AATTCAGATGCTGTTAGTACCTACATCAGTG 31
AATTCCAACAACTTACACTTATTTTCCC 28
GGGACTAGTTTTC 13

Extra check#

  • If you join again the fragments, you should obtain the original DNA template.


c2e6: splicing structure#

a DNA sequence (from the + strand) has the next structure:

Exon1-Intron-Exon2

The first exon runs from the start of the DNA sequence up to the position 63.

  • Note: be careful with your problem formulation. In this case, position 63 is the end but it is within the intron.

  • Another important note: biological coordinates not “String” coordinates from Python. Do not mix up them.

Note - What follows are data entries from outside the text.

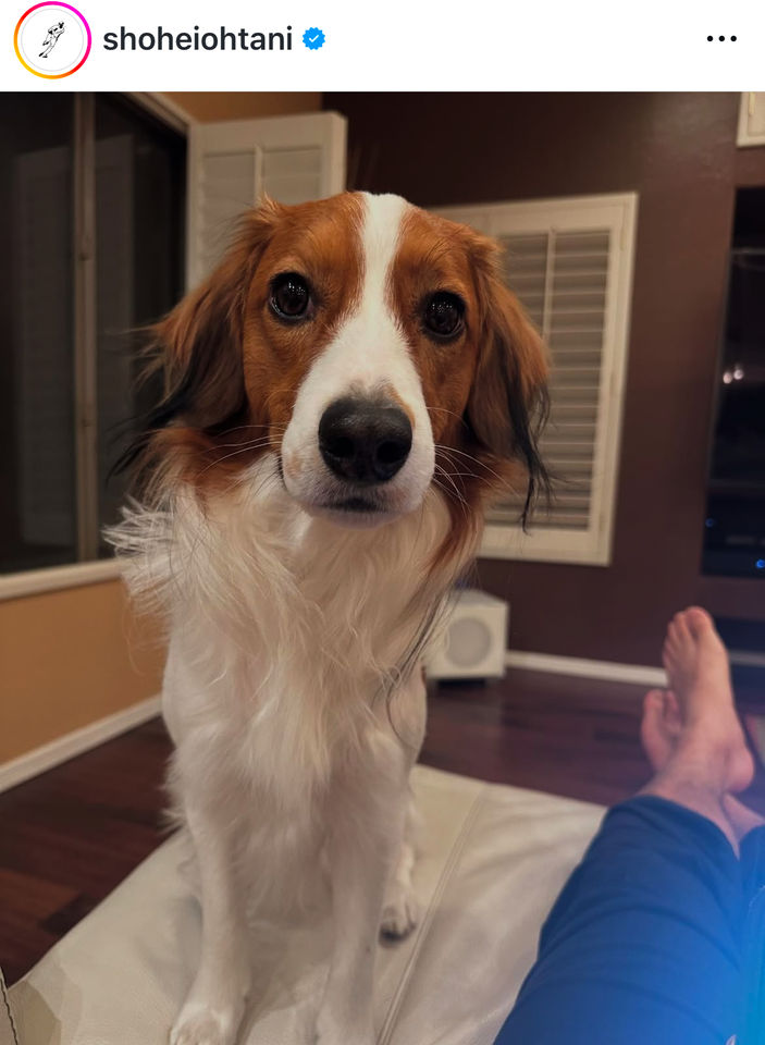 大谷僅以三個雙眼的表情符號作為貼文內容,並分享三張照片。照片中,Decopin有時從沙發底下偷看,有時則坐在沙發旁凝視主人,彷彿想吸引注意力,畫面溫馨可愛。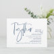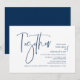 Anuncie y comparta su gusto con el diseño de nuestro moderno tema azul marino (junto con sus padres) tarjeta de invitación a la recepción de la celebración de la salida de bodas. Es ideal para las parejas que han decidido celebrar su mejor día. Con un diseño sofisticado pero lúdico, esta invitación seguramente marcará el tono para un evento inolvidable. La tarjeta de invitación incluye un diseño de escritura moderno y minimalista, añadiendo un toque de elegancia eterna a tu celebración. Diseñado por TeeshaDerrick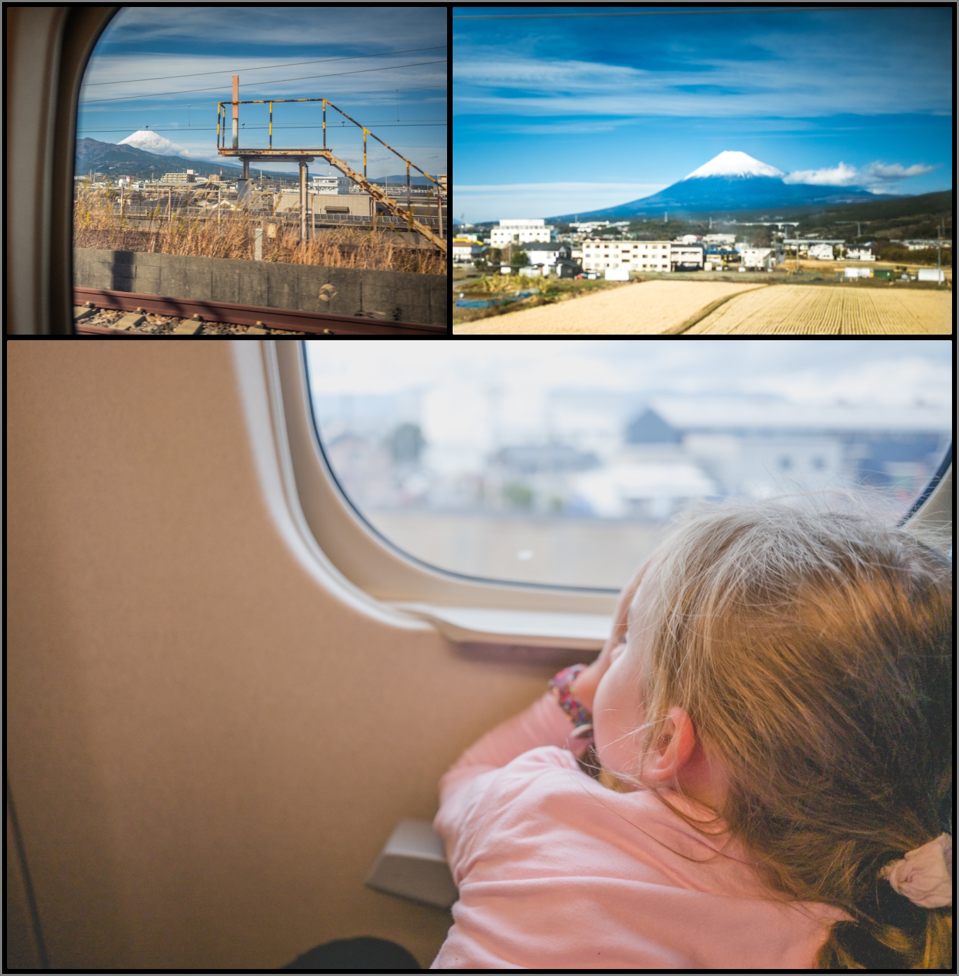 We lucked out with amazing Mt Fuji views as we zipped by at 300km/h. Snow capped and very large it was hard to miss! We’ll be back this way later in the trip and hoped to be lucky enough to catch Fuji views again.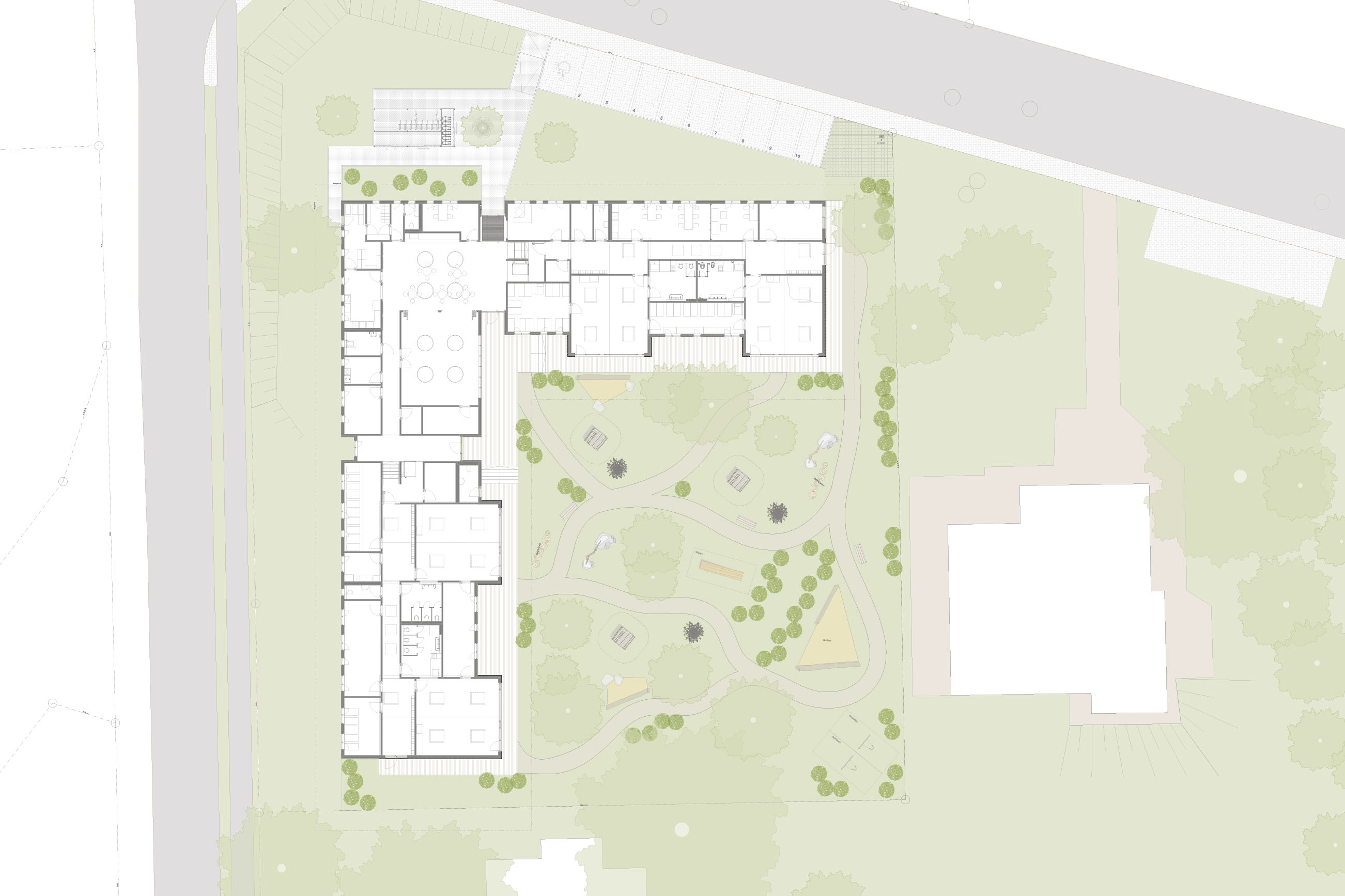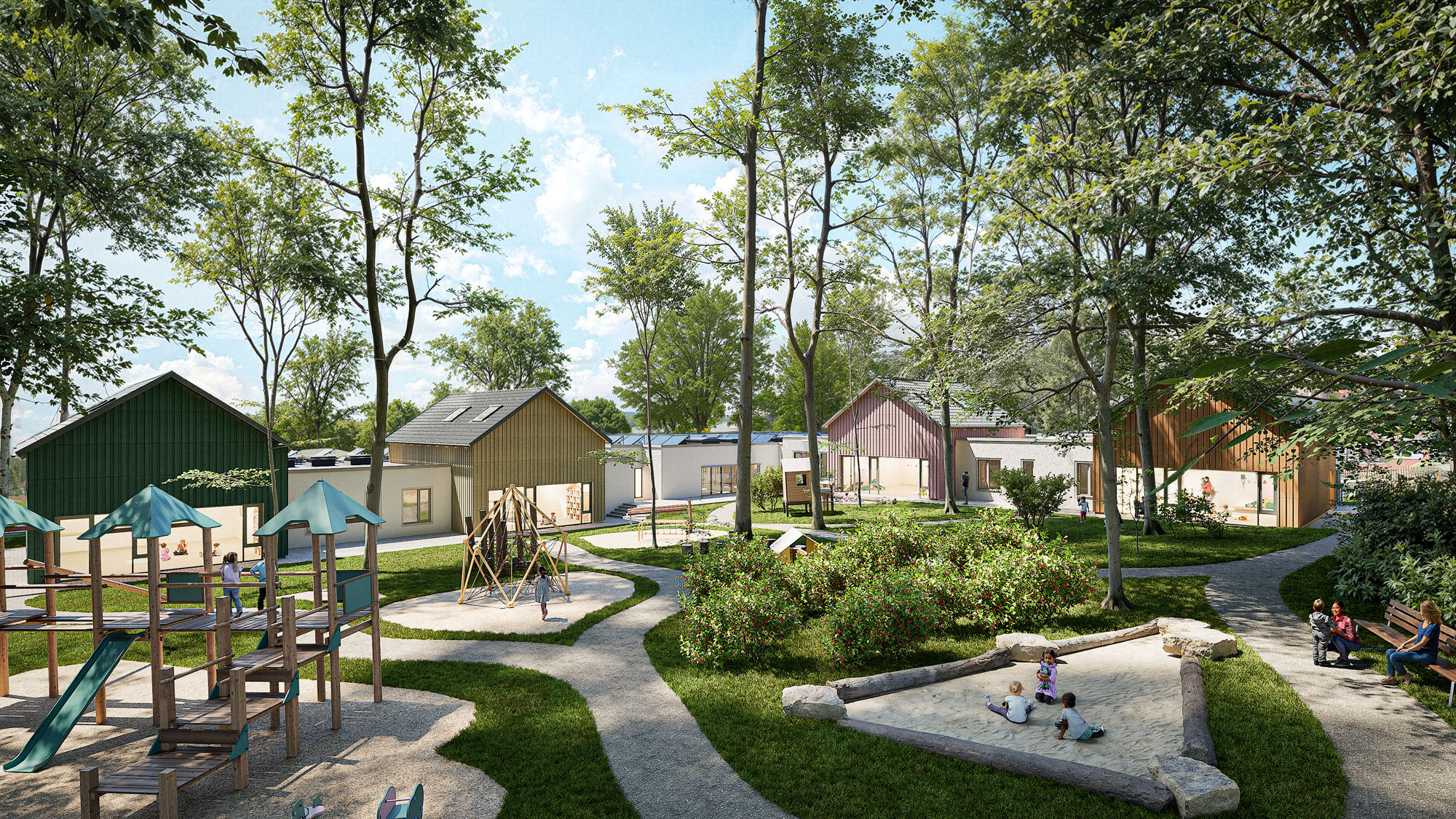 Der rund 1.800 m² große, geschützte Außenbereich ist ebenfalls differenziert gestaltet und bietet Platz für altersgerechtes Spielen, Lernen und Bewegen. Nebengebäude für Müll, Fahrräder und Kinderwagen ergänzen das Ensemble funktional und gestalterisch.

The second exon starts in the position 91 (biological coordinates, ending up at the end of the sequence. Considering that the whole exons code for protein (CDS: Coding Dna Sequences).
a. Print the exon sequences and their lengths, one line per sequence. b. Calculate the percentage of sequence that codes for protein. c. Print the DNA input but CDS in uppercase and non-CDS in lower case; this is a standard format for plain-tex sequences in computational biology.

Sample#

Input:

ATCGATCGATCGATCGACTGACTAGTCATAGCTATGCATGTAGCTACTCGATCGATCGATCGATCGATCGATCGATCGATCGATCATGCTATCATCGATCGATATCGATGCATCGACTACTAT

Output a:

ATCGATCGATCGATCGACTGACTAGTCATAGCTATGCATGTAGCTACTCGATCGATCGATCG 62
ATCATCGATCGATATCGATGCATCGACTACTAT 33

Output b:

77.23577235772358

Output c:

ATCGATCGATCGATCGACTGACTAGTCATAGCTATGCATGTAGCTACTCGATCGATCGATCGatcgatcgatcgatcgatcgatcatgctATCATCGATCGATATCGATGCATCGACTACTAT

Tips#

  • Because the sequence is from + strand, it needs no modification. But, if the sequence would from the - strand, the reverse complement needs to be calculated.

  • The programmer has to be very careful with the coordinates. Usually it is good idea to check your sequence in a genome browser like
    https://genome.ucsc.edu/. But you can not use the genome browser in the case, you need to know the species and genome version corresponding to your sequence.

Extra#

  • Something in this problem is suspicious to be wrong from a biological point of view. Tip: Observe the splice donor and acceptor sites.